Una reforma de las pensiones que no garantiza su sostenibilidad

Juan Rallo

La Seguridad Social española se halla en crisis. No es ninguna novedad, pues los números rojos se arrastran desde el final de la legislatura de Zapatero. De hecho, fueron esos números rojos –incrementados sustancialmente desde entonces– los que espolearon las dos reformas de las pensiones de 2011 y 2013: la primera conducente a elevar la edad de jubilación –así como a empeorar las condiciones para el cálculo de la pensión–, y la segunda dirigida a desindexar las pensiones del IPC y ligarlas a la esperanza de vida. El propósito de ambas reformas no fue otro que el de reequilibrar el déficit de la Seguridad Social: conseguir que poco a poco, con el paso del tiempo, el agujero financiero fuera desapareciendo y los ingresos sirvieran para cubrir los gastos.

Pero hete aquí que un Sánchez cada vez más radicalizado por Podemos continúa empeñado en cargarse la reforma de las pensiones del año 2013, lo que consecuentemente impedirá el progresivo ajuste de las cuentas de la Seguridad Social. De ahí que al ministro del ramo, José Luis Escrivá, se le haya encargado la misión de formular una reforma alternativa del sistema de pensiones que, prescindiendo de las medidas adoptadas por Rajoy en 2013 –desindexar las pensiones del IPC e introducir el Factor de Equidad Intergeneracional–, permita acabar con el déficit de esta administración.

Pues bien, esta semana Escrivá ha presentado su propuesta de reforma del sistema público de pensiones –muy similar, dicho sea de paso, a algunas de las recomendaciones que efectuó como presidente de la AIReF– que, en esencia, pasa por retrasar la edad efectiva de jubilación y por reemplazar al ahorro privado complementario que hoy pivota sobre los planes de pensiones por los planes de empresa.

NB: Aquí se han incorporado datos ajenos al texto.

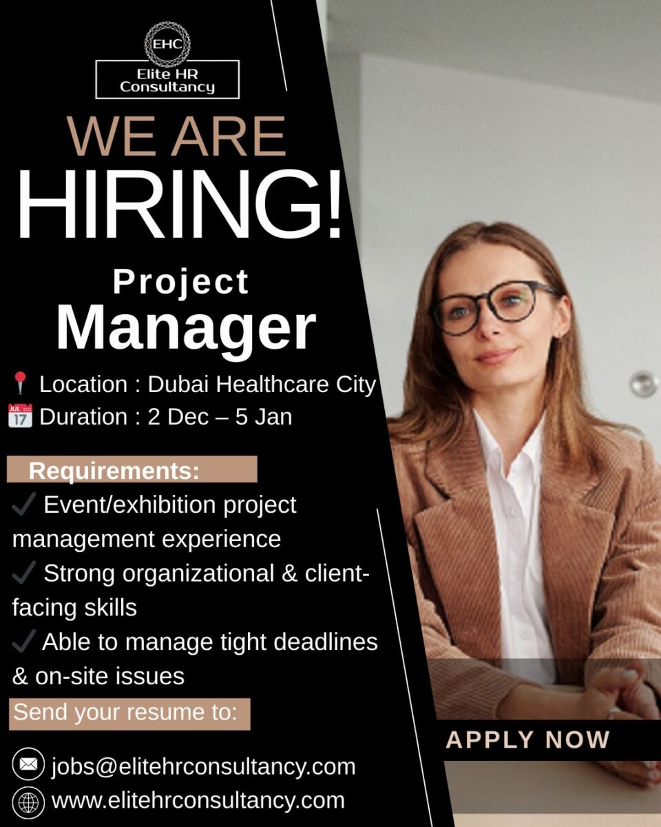 📌 تعلن Elite HR Consultancy عن توفر وظائف مدير مشاريع فعاليات 2025 للعمل في مدينة دبي الطبية لإدارة فعالية الكريسماس خلال الفترة من 2 ديسمبر حتى 5 يناير.

En cuanto al primer punto, Escrivá apuesta por penalizar la jubilación anticipada y por incentivar el retraso de la edad de jubilación. Y es que, aun cuando en la actualidad la edad legal para retirarse avanza hacia los 67 años, la edad real está cerca de los 63. Según el ministro, por cada año de incremento de la edad efectiva de jubilación, el agujero a largo plazo del sistema de pensiones se reduce un 25%, de manera que si, a través del palo y la zanahoria, consiguiéramos equiparar la edad efectiva con la legal (67 años), el problema de sostenibilidad a largo plazo de la Seguridad Social se vería remediado. Y tiene razón Escrivá en que, de alargarse la edad efectiva hasta los 67 años, conseguiríamos aliviar el problema de las pensiones, pero no hay garantías de que realmente vaya a lograrse.

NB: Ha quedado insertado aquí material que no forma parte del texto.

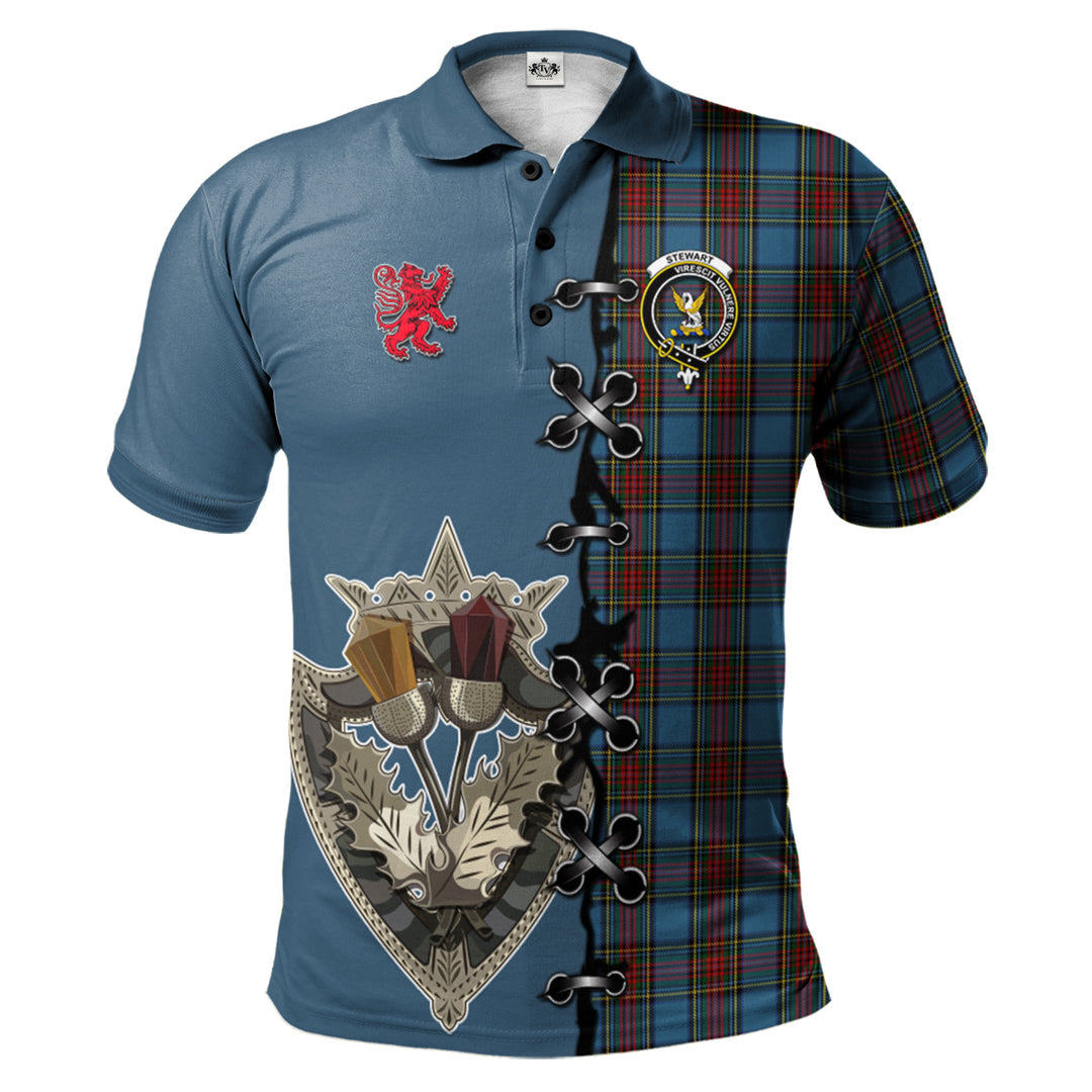 Stewart Royal Blue Tartan Polo Shirt - Lion Rampant And Celtic Thistle Style

En cuanto al segundo punto, el ministro recuerda que la rentabilidad que históricamente han cosechado los planes de pensiones ha sido muy inferior a los planes de empresa, de modo que no existe razón para bonificar fiscalmente a los primeros y no a los segundos. Y siendo cierto que los planes de pensiones son, en términos generales, un producto financiero muy poco atractivo dentro de España, tampoco existe razón para bonificar únicamente los planes de empresa. En general, cualquier vehículo de ahorro a largo plazo que escoja voluntariamente el ciudadano debería contar con tal bonificación.

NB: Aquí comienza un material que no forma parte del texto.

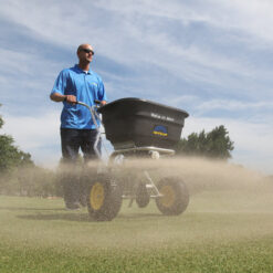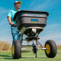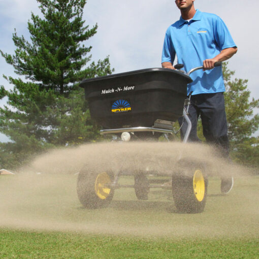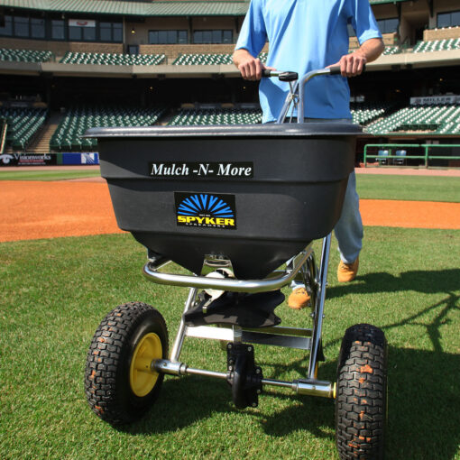 The Spyker Pro-Series S60-12020 Commercial Broadcast Spreader is the right walk-behind spreader for the job. Its large 120 lb. poly hopper lets you cover more ground between fill-ups so you can get more done in less time. Affectionately called the “Mulch-N-More” because of its extra-large single port opening and works with larger materials such as pin mulch and rock salt. We also offer a Top Dressing Kit to protect the gears from the abrasive effects of fine sand.

En definitiva, la reforma que plantea Escrivá en sustitución de la de 2013 no es una reforma mal pensada, pero tampoco es una reforma que por sí sola vaya a asegurar la sostenibilidad de la Seguridad Social a largo plazo. A diferencia de la que pretende eliminarse, no hay garantía de que las cuentas públicas vayan a terminar cuadrando.